(Data excerpts Opens)

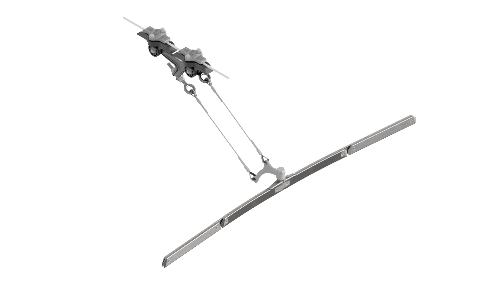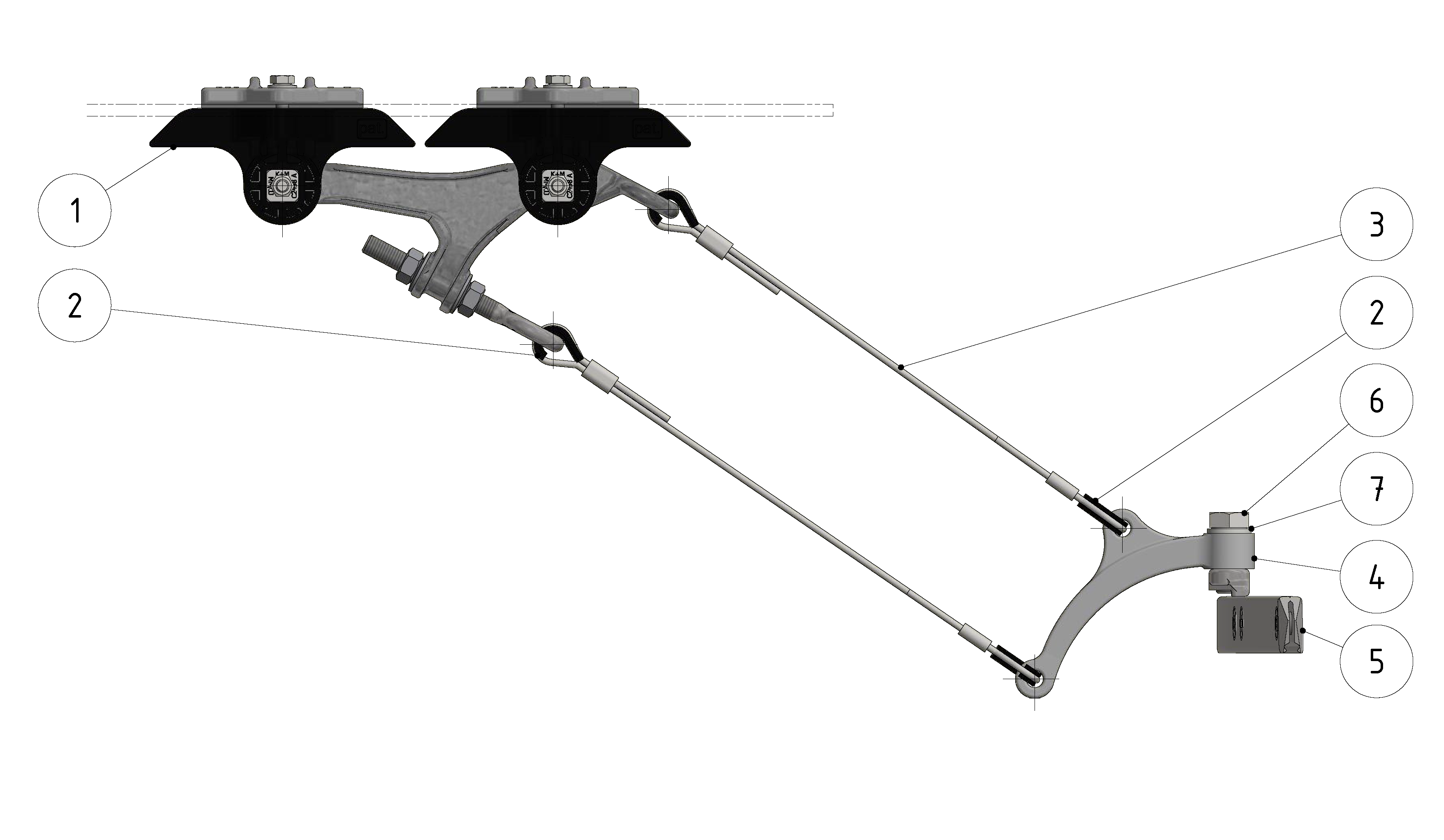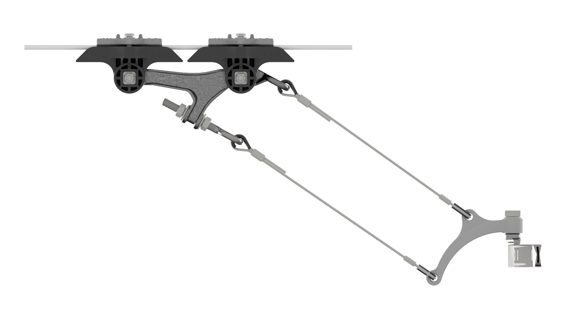 Contact wire suspension ETB with line insulator KUSYS, in curves to cross-span steel/steel-copper cable 5.5-7.5° with curve rail type 1, M16
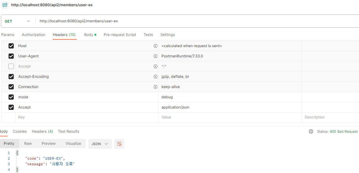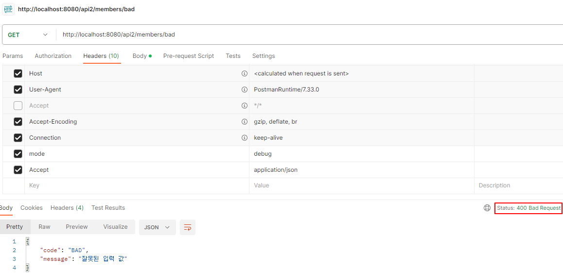 - @ResponseStatus(HttpStatus.BAD_REQUEST)를 지정했으므로 HTTP 상태 코드 400으로 응답한다.
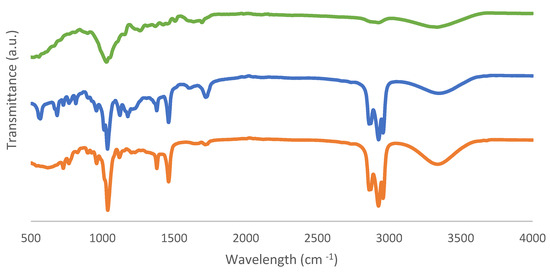 The FTIR-ATR analysis was carried out with a Spectrum Two-Perkin Elmer (Waltham, MA, USA) apparatus. Spectra were collected between 600 and 4000 cm−1 wavenumbers using Perkin Elmer-Spectrum 10 IR software to determine the standard fingerprint region of the lignocellulosic material.
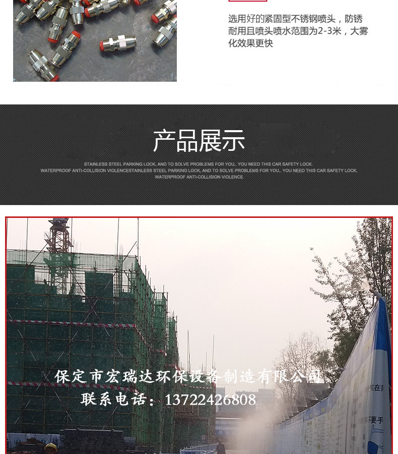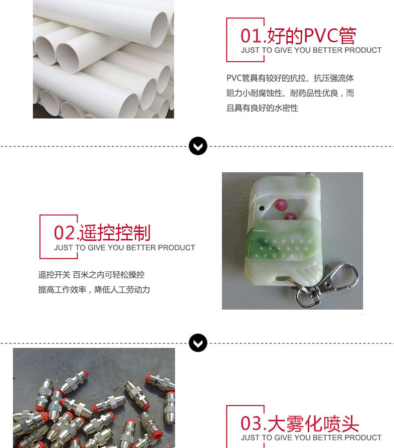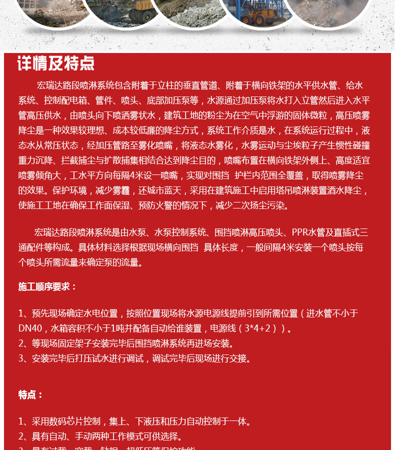 - 路段噴淋系統的構成是由PPR水管、直通、三通、彎頭等組成水流通的管路,水箱提供噴淋水源,多級泵給予輸送動力,智能控制器控制整個系統。
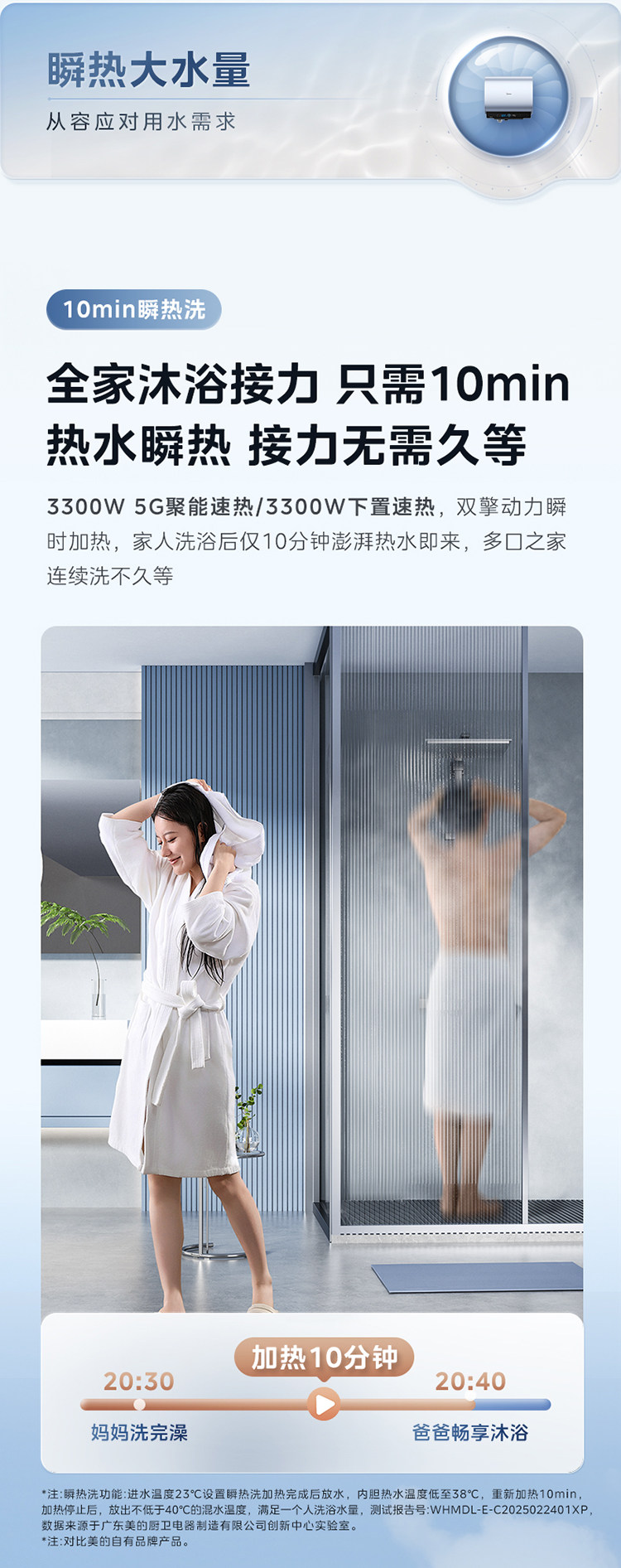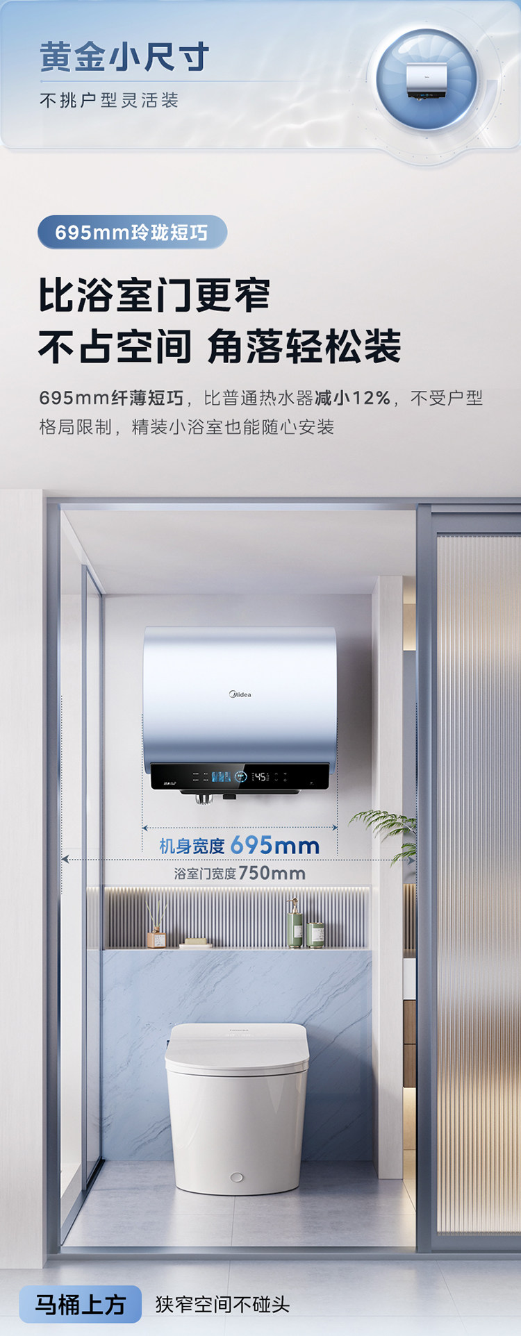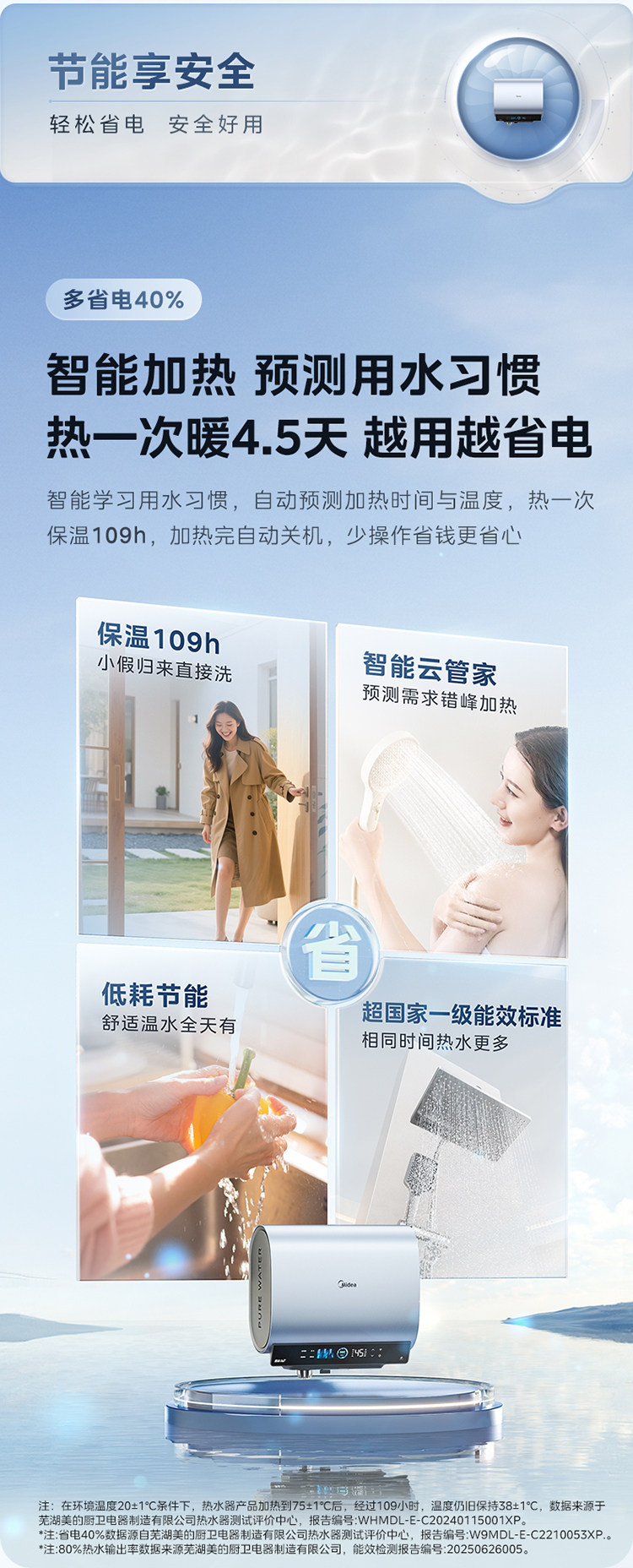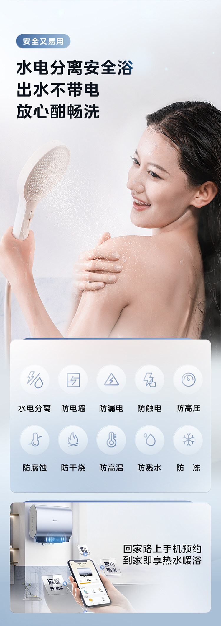 Midea Living Water 2.0 Electric Water Heater Ud10Max Dual Tank Flat Barrel for Home Use, Level 1 Home Appliance Official Flagship Store

(Data excerpts Closes)

> _Your assignment_: Repeat each of the entries above exactly, but do not carry over the pictures.

> _Solution below_:
 Contact wire suspension ETB with line insulator KUSYS, in curves to cross-span steel/steel-copper cable 5.5-7.5° with curve rail type 1, M16
 - @ResponseStatus(HttpStatus.BAD_REQUEST)를 지정했으므로 HTTP 상태 코드 400으로 응답한다.
 The FTIR-ATR analysis was carried out with a Spectrum Two-Perkin Elmer (Waltham, MA, USA) apparatus. Spectra were collected between 600 and 4000 cm−1 wavenumbers using Perkin Elmer-Spectrum 10 IR software to determine the standard fingerprint region of the lignocellulosic material.
 - 路段噴淋系統的構成是由PPR水管、直通、三通、彎頭等組成水流通的管路,水箱提供噴淋水源,多級泵給予輸送動力,智能控制器控制整個系統。
 Midea Living Water 2.0 Electric Water Heater Ud10Max Dual Tank Flat Barrel for Home Use, Level 1 Home Appliance Official Flagship Store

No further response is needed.